*** Opening of Source data ***

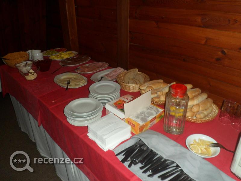 5) 2x snídaně formou bohatého bufetu - gothaj,junior,voda s citronem,margarín,rozkrájené jablko ( k obědu poté jablečné pyré (
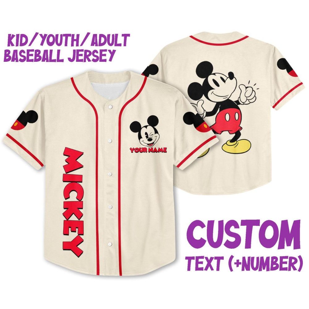 Be the first to review “Customizable Mickey Baseball Jersey For Kids/Youth/Adults – Add Name & Number!”
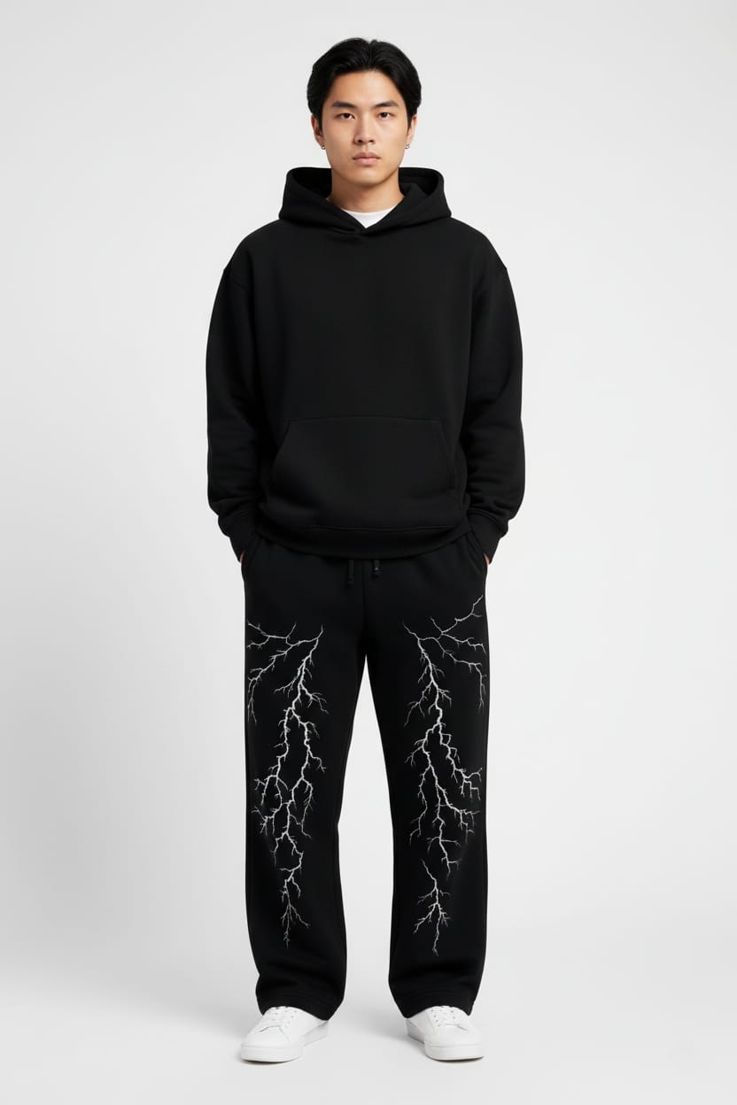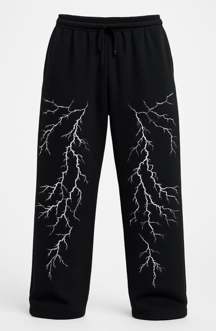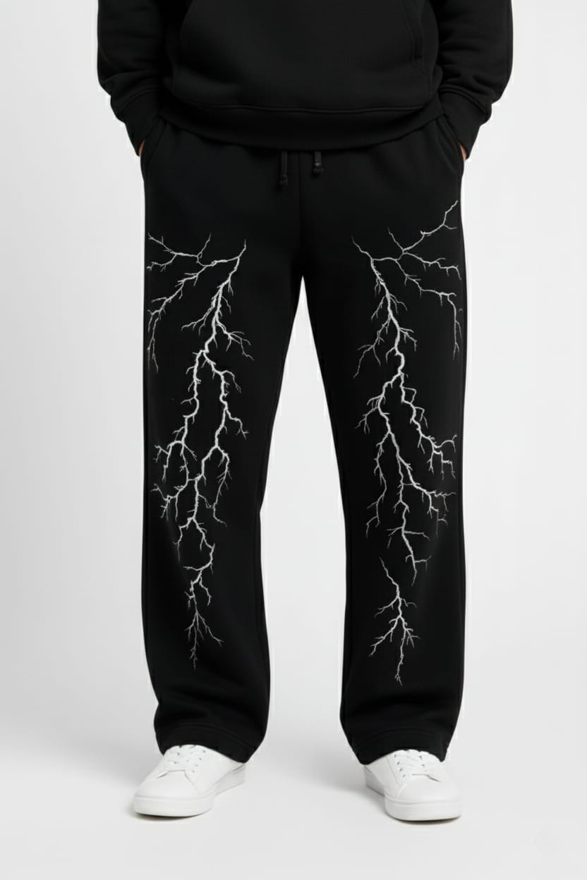 Make a bold statement with these black lightning print joggers for men, designed with striking white electric patterns on both legs. Featuring a relaxed fit, elastic waistband, and soft cotton blend fabric, these joggers blend comfort with edgy streetwear style—perfect for casual wear, travel, or gym sessions.
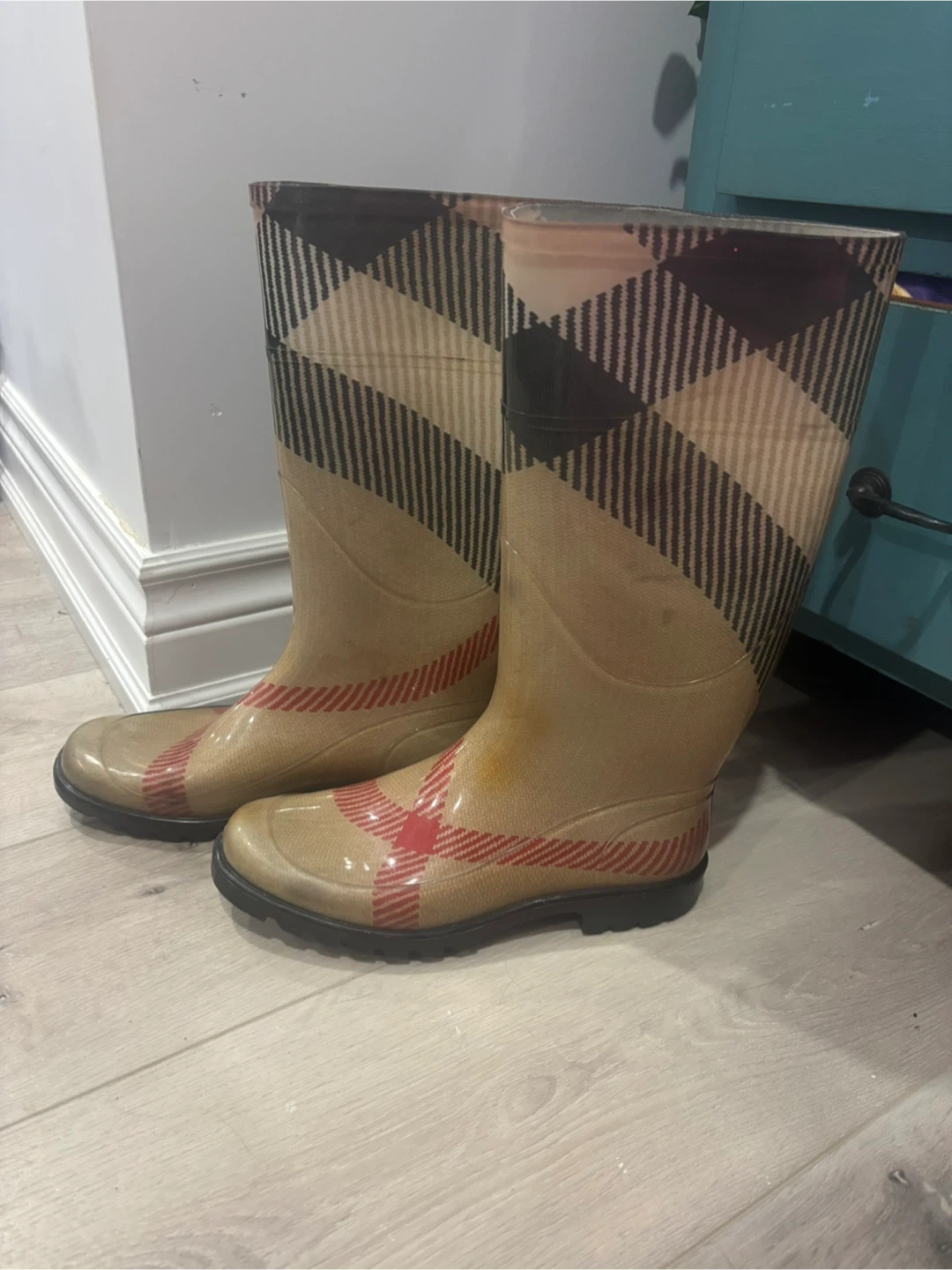 Burberry Plaid Rain Boots | Rubber Waterproof Boots | Size 8
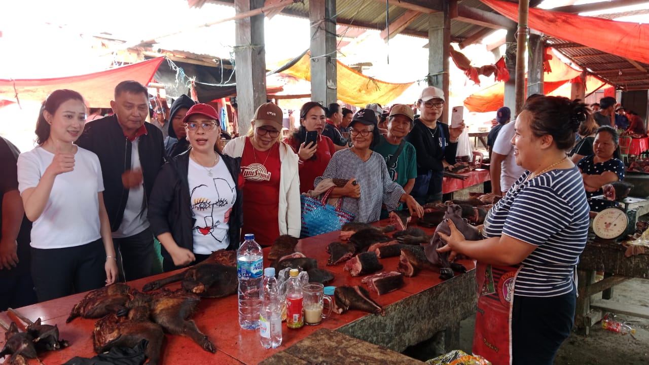 Kunjungan ini untuk menyapa masyarakat, serta bercengkrama lebih dekat dengan para pedagang dan pembeli di Pasar Langowan tersebut.
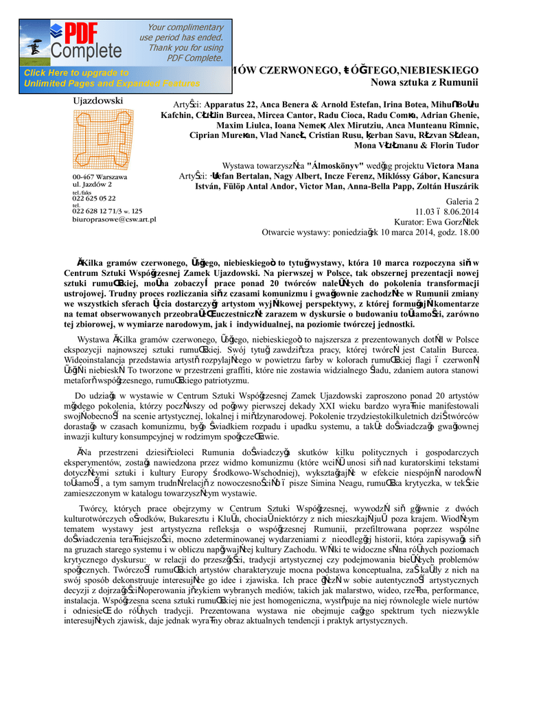 Nota prasowa, PDF - Centrum Sztuki Współczesnej Zamek
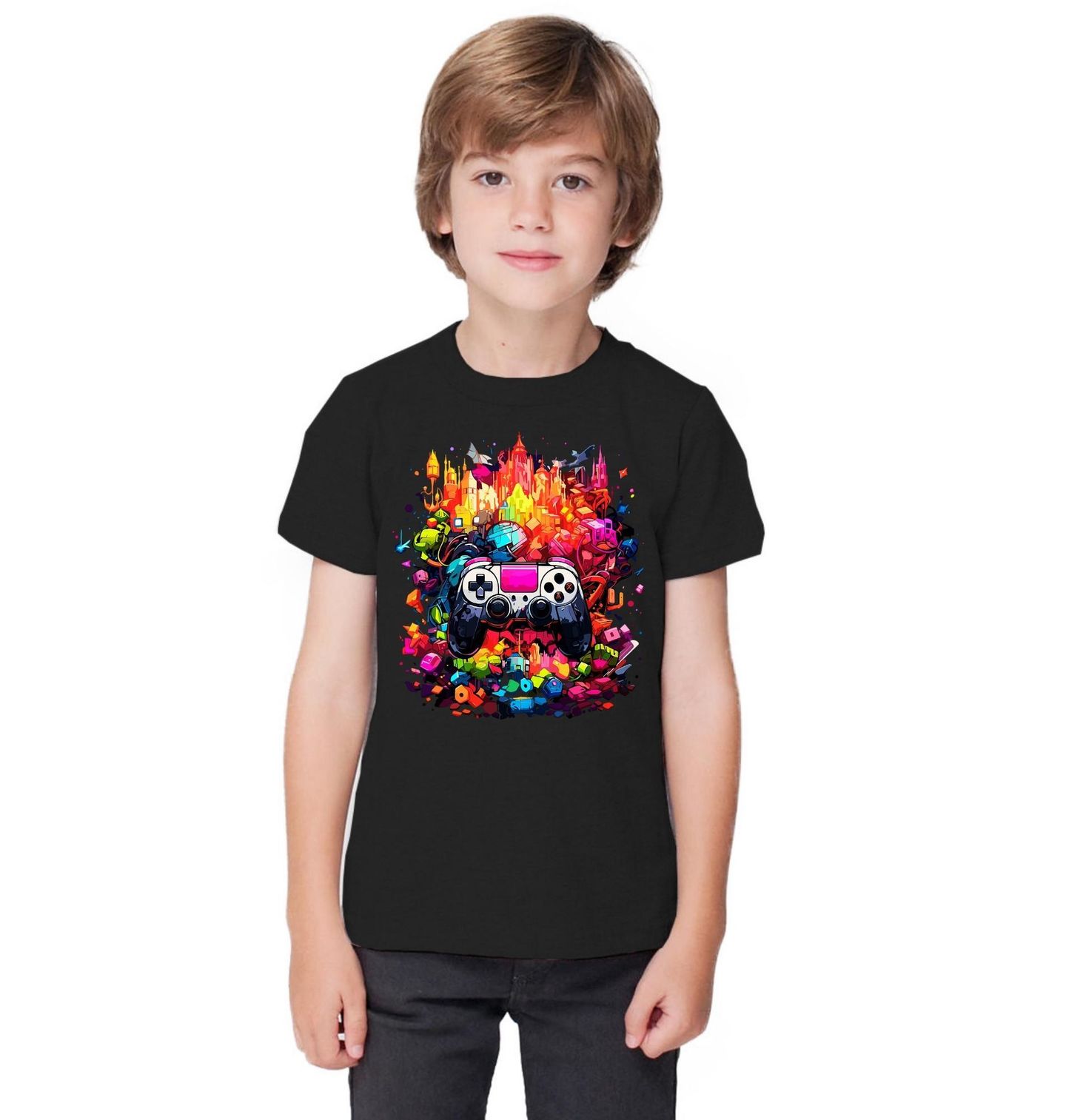 Dětské tričko Neonový Herní ovladač. Výrazný barevný motiv spojuje futuristické město, energii digitálního světa a ikonický herní ovladač, který je symbolem každého nadšeného gamer stylu. Dynamická ilustrace působí jako exploze pixelů a detailů, díky kterým se každý hráč okamžitě pozná. Design je ideální pro všechny, kdo milují moderní gaming kulturu, arkádovou atmosféru a neonový vizuál plný pohybu.
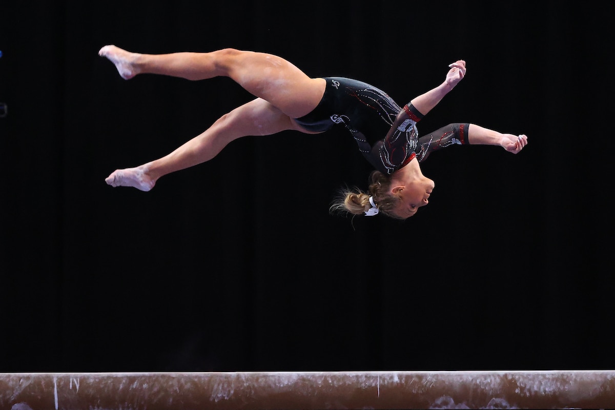 Auburn's Suni Lee won the national title on balance beam. Lee scored a 39.6750 on all four events and was a huge reason for Auburn's second place finish in semifinal II. She posted a 9.9625 on balance beam. Watch her performance here:
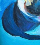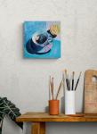 Композиция минималистична и построена на балансе форм и цвета. Холодные голубые оттенки сочетаются с тёплыми жёлтыми акцентами, создавая ощущение свежести и мягкой тишины.
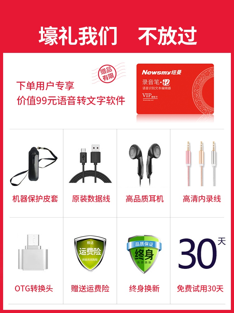 New upgrade and super noise reduction) Newman V19 recorder professional high-definition noise reduction super long standby voice recording to text students in class session recorder small portable recorder

*** Close of Source data ***

- The problem: Only the lines between the one with "Burberry Plaid Rain" and the one with "Nota prasowa, PDF", those two included, get copied from the material above. Keep it exact and free of pictures.

- Answer area:
 Burberry Plaid Rain Boots | Rubber Waterproof Boots | Size 8
 Kunjungan ini untuk menyapa masyarakat, serta bercengkrama lebih dekat dengan para pedagang dan pembeli di Pasar Langowan tersebut.
 Nota prasowa, PDF - Centrum Sztuki Współczesnej Zamek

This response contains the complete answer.